# Borrowing Options for UK Limited Companies: A Practical Guide

> From bank overdrafts to invoice finance and short-term loans, UK limited companies have access to a wider range of borrowing tools than sole traders — here is how to choose.

*Section: Business — By Marcus Vale (Business & Markets Editor) — Published June 7, 2026 — 7 min read*

Canonical URL: https://dailyjunction.org/business/uk-limited-company-borrowing-options
Tags: limited company, business loans, invoice finance, asset finance, merchant cash advance, uk business finance

## Key takeaways

- UK limited companies are legally separate from their directors, which means borrowing sits with the company — but many lenders still require a personal guarantee from the director, blurring that distinction.
- Invoice finance and merchant cash advances are often structured in ways that do not require a personal guarantee, making them genuinely company-level obligations.
- Some specialist lenders, such as Credicorp, offer short-term loans to UK limited companies where the director is explicitly not personally liable and no charge is taken over personal assets.
- Asset finance allows companies to acquire equipment using the asset itself as security, reducing the need for the director to put personal wealth on the line.
- Understanding the difference between recourse and non-recourse borrowing is essential before signing any business finance agreement.

Running a limited company comes with one significant financial advantage that is often overlooked: the company is a distinct legal entity. When your business borrows money, the debt belongs to the company — not to you personally. In practice, however, many traditional lenders erode this distinction by insisting on a director's personal guarantee before they will extend credit, effectively making the director liable for the company's debts if things go wrong.

The good news is that the landscape has changed considerably in recent years. A growing range of products — from specialist short-term loans to invoice finance facilities — now allows limited companies to access working capital without the director needing to put their home, savings, or personal credit on the line. Understanding which options are genuinely company-level, and which carry personal exposure in disguise, is one of the most important pieces of financial literacy a director can have.

## Bank Overdrafts: Familiar but Often Personally Guaranteed

For many limited companies, a business current account overdraft is the first port of call when cash flow tightens. Overdrafts are flexible: interest accrues only on the balance drawn, and you can repay and redraw as your position improves. Major banks including HSBC, Barclays, Lloyds, and NatWest all offer business overdrafts to limited companies, typically at agreed limits reviewed annually.
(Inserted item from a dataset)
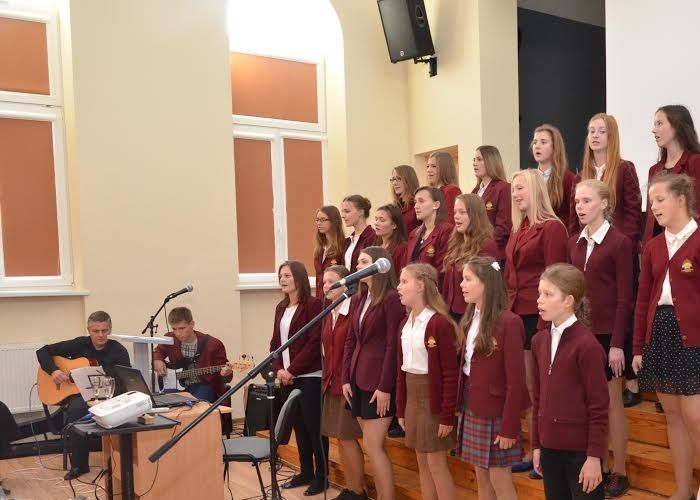 Konferencijos metu skambėjo K. Paltaroko gimnazijos choro giesmės, gitara pritariant A. Chalikovui.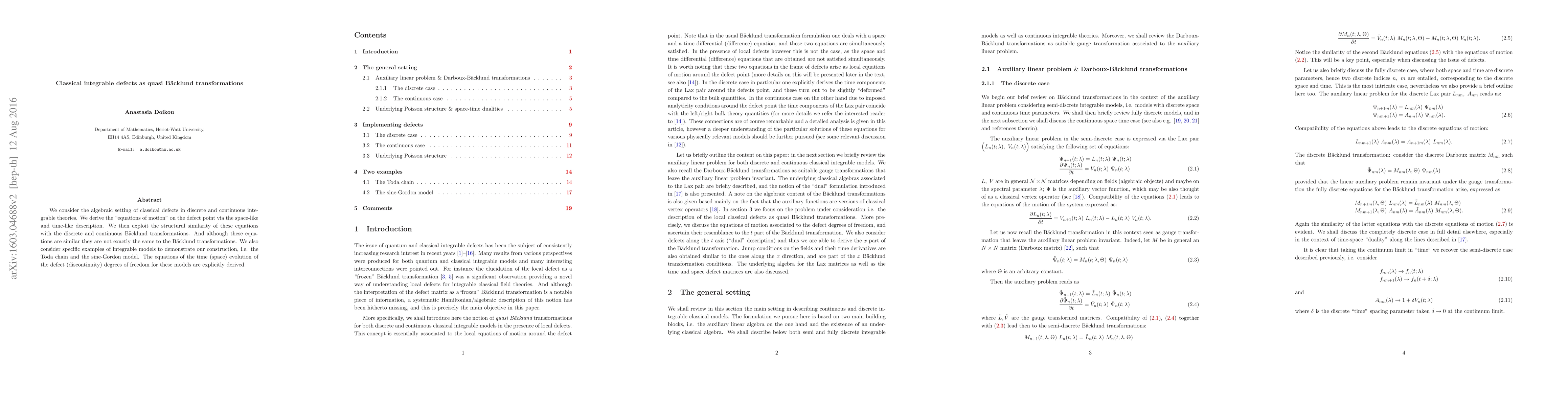 We consider the algebraic setting of classical defects in discrete and continuous integrable theories. We derive the "equations of motion" on the defect point via the space-like and time-like description. We then exploit the structural similarity of these equations with the discrete and continuous Backlund transformations. And although these equations are similar they are not exactly the same to the Backlund transformations. We also consider specific examples of integrable models to demonstrate our construction, i.e. the Toda chain and the sine-Gordon model. The equations of the time (space) evolution of the defect (discontinuity) degrees of freedom for these models are explicitly derived.

The catch is that high-street banks almost invariably require a personal guarantee from at least one director before granting an overdraft to a company that does not have a substantial credit history or significant assets. For newer companies or those borrowing above a threshold the bank considers modest, the practical effect is that the overdraft is partly a personal obligation. Directors should always request clarity in writing about whether a personal guarantee is included and, if so, what its scope is.

## Invoice Finance: Releasing Cash Tied Up in Your Sales Ledger

Invoice finance covers two related products — invoice factoring and invoice discounting — both of which allow a limited company to borrow against the value of its outstanding invoices rather than waiting 30, 60, or 90 days for customers to pay.

With **invoice factoring**, the lender advances a percentage (typically 70–90 per cent) of each invoice's face value immediately, then collects payment directly from the customer and remits the balance minus fees. With **invoice discounting**, the company retains control of its credit function and the arrangement remains confidential; the lender simply advances funds against the ledger.

Critically, *non-recourse* invoice factoring means the lender absorbs the credit risk if a customer fails to pay — and in this model, directors are frequently not required to provide a personal guarantee. The invoice itself, and the creditworthiness of the company's customers, serves as the security. This makes invoice finance one of the genuinely company-level borrowing options available to UK limited companies, and it scales naturally with revenue.

For companies in the B2B space with regular invoicing cycles, this can be transformative for working capital management. See our related guide on [managing cash flow in a small limited company](/business/cash-flow-management-limited-company) for more practical strategies alongside invoice finance.

## Asset Finance: Let the Equipment Secure the Loan

When a limited company needs to acquire machinery, commercial vehicles, IT infrastructure, or other capital equipment, asset finance avoids the need to pay the full purchase price upfront — or to put up other collateral. The asset itself serves as security for the lending.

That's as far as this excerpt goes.